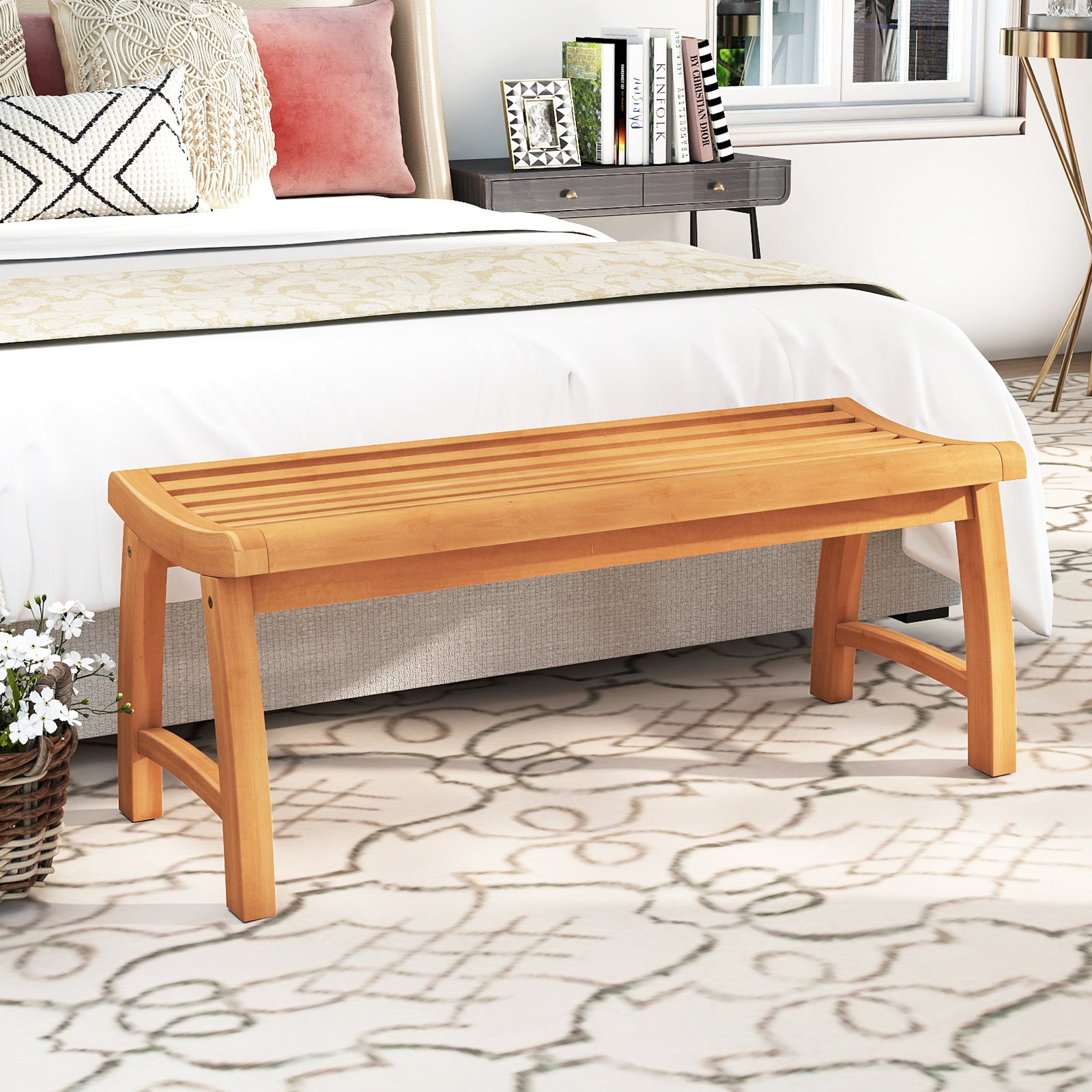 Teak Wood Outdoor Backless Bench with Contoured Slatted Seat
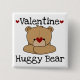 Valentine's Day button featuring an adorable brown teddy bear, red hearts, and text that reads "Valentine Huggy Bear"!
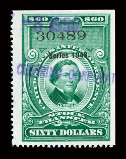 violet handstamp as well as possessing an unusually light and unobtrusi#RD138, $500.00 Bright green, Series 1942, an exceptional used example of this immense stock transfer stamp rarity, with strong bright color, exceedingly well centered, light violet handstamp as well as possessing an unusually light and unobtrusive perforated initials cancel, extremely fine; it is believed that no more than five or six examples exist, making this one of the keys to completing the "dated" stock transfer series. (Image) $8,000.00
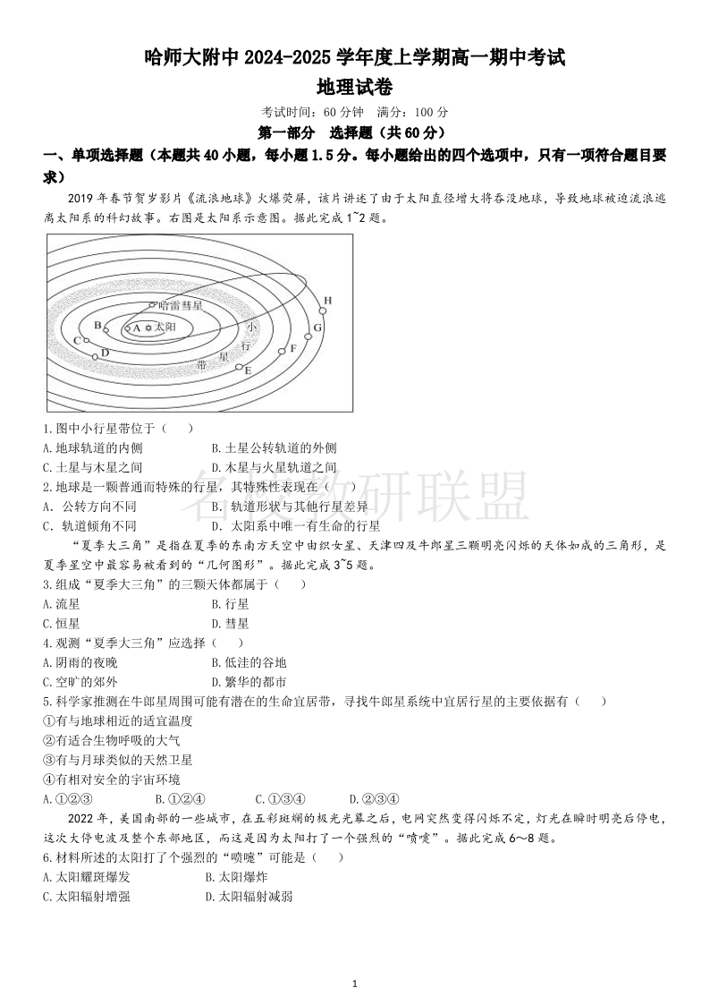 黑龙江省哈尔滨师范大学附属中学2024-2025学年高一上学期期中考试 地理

- - - - - - -

• WORK ITEM
The expected output is every line of the data, unchanged, with the pictures skipped.

• OUTPUT FOR THIS EXERCISE
 Teak Wood Outdoor Backless Bench with Contoured Slatted Seat
 Valentine's Day button featuring an adorable brown teddy bear, red hearts, and text that reads "Valentine Huggy Bear"!
 violet handstamp as well as possessing an unusually light and unobtrusi#RD138, $500.00 Bright green, Series 1942, an exceptional used example of this immense stock transfer stamp rarity, with strong bright color, exceedingly well centered, light violet handstamp as well as possessing an unusually light and unobtrusive perforated initials cancel, extremely fine; it is believed that no more than five or six examples exist, making this one of the keys to completing the "dated" stock transfer series. (Image) $8,000.00
 黑龙江省哈尔滨师范大学附属中学2024-2025学年高一上学期期中考试 地理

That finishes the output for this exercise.